In 2015, 11 large business groups got their loans amounting to about Tk 15,000 crore restructured on relaxed terms.
The policy, which was taken under political pressure from influential debtors, offered a repayment period of up to 12 years, discounted interest rates and down payment, and quarterly repayment instead of monthly.
But most of the borrowers have failed to pay their instalments and entered the default zone again.
This escalated the classified loan figures, and in the third quarter of last year it grazed Tk 1 lakh crore.
At the end of 2018, default loans stood at Tk 93,370 crore, which is 10.33 percent of the total outstanding loans in the banking sector. The central bank is carrying out its routine supervision work on the banking sector in a proper manner, Moniruzzaman said.
“But some people have recently alleged that default loans in the banking sector are on the rise because of weak monitoring by the central bank. It is not right.”
They alleged that some non-bank financial institutions are performing badly.
“But I want to raise a question: why do clients park their deposits at high interest rate with them? Whatever happens, all blame is passed on to the central bank.”

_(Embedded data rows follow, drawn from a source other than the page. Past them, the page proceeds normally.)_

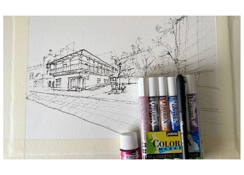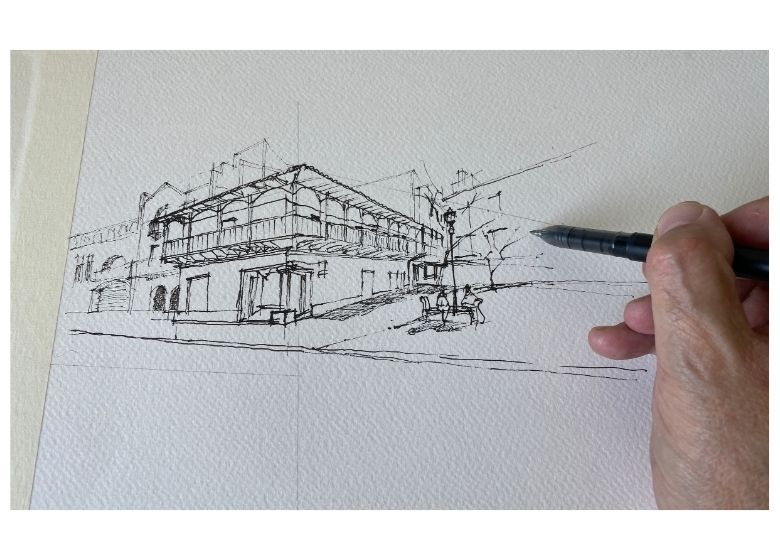 Comencé directamente con un lápiz Roller Sharpie de tinta negra, aunque también podría hacerse un boceto previo con grafito 4B. Me enfoqué en la perspectiva, donde un punto de fuga se encuentra al fondo de la plaza y el otro hacia el costado izquierdo de la Posada.
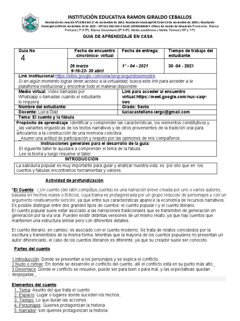 Tema: El cuento y la fábula
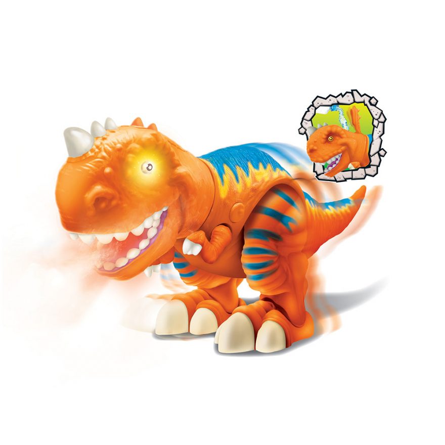 En dinosaur for de minste. Denne dinosauren går bortover gulvet og har lyd og lys. Dersom du fyller dinosauren opp med vann kan den også blåse ut damp!
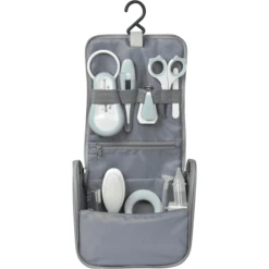 - Negen onmisbare accessoires voor babyverzorging: badthermometer, Digital koortsthermometer, schaar, nagelknipper, haarborstel, bijtring, babytandenborstel, zuigmond voor neusafscheiding, nagelvijl
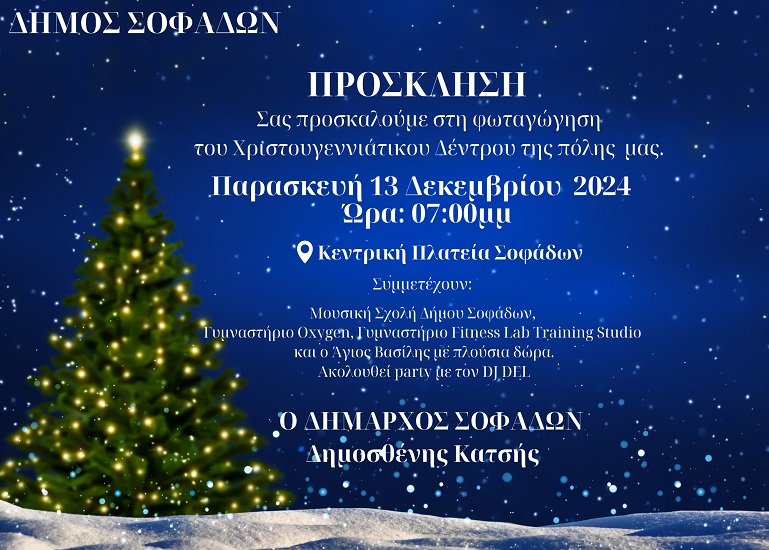 Ο Δήμος Σοφάδων διοργανώνει μια λαμπερή γιορτή για τη φωταγώγηση του Χριστουγεννιάτικου Δέντρου, που θα πραγματοποιηθεί την Παρασκευή 13 Δεκεμβρίου 2024, στις 7:00 μ.μ., στην Κεντρική Πλατεία της πόλης. Η εκδήλωση υπόσχεται να γεμίσει τη βραδιά με φως, χαμόγελα και χριστουγεννιάτικη μαγεία, εγκαινιάζοντας την εορταστική περίοδο με τον πιο εντυπωσιακό τρόπο. Η πλατεία των Σοφάδων θα μετατραπεί σε ένα μαγικό Χριστουγεννιάτικο Χωριό , με ξύλινα σπιτάκια που θα φιλοξενήσουν κάποιες από τις δράσεις του Δήμου και των Συλλόγων της πόλης. Ξεχωριστή θέση θα έχει το Σπίτι του Άη Βασίλη , όπου τα παιδιά θα μπορούν να συναντήσουν τον αγαπημένο τους Άγιο και να παραλάβουν το δώρο τους, καθώς και το Ταχυδρομείο του Αη Βασίλη , όπου οι μικροί μας φίλοι μπορούν να στείλουν τα γράμματα τους με τις επιθυμίες και τις ευχές τους. Το πρόγραμμα της εκδήλωσης:

He also said the central bank was compelled to give licences to new banks without disclosing from where the pressure came.
“Now, a demand has been made to decrease the number of banks. But it is not an easy task as strong banks never want to merge with weaker ones,” he added.
Barkat-e-Khuda, Dr Muzaffer Ahmad Chair professor of BIBM, presided over the session, where Prashanta Kumar Banerjee, a professor of BIBM, delivered the welcome speech.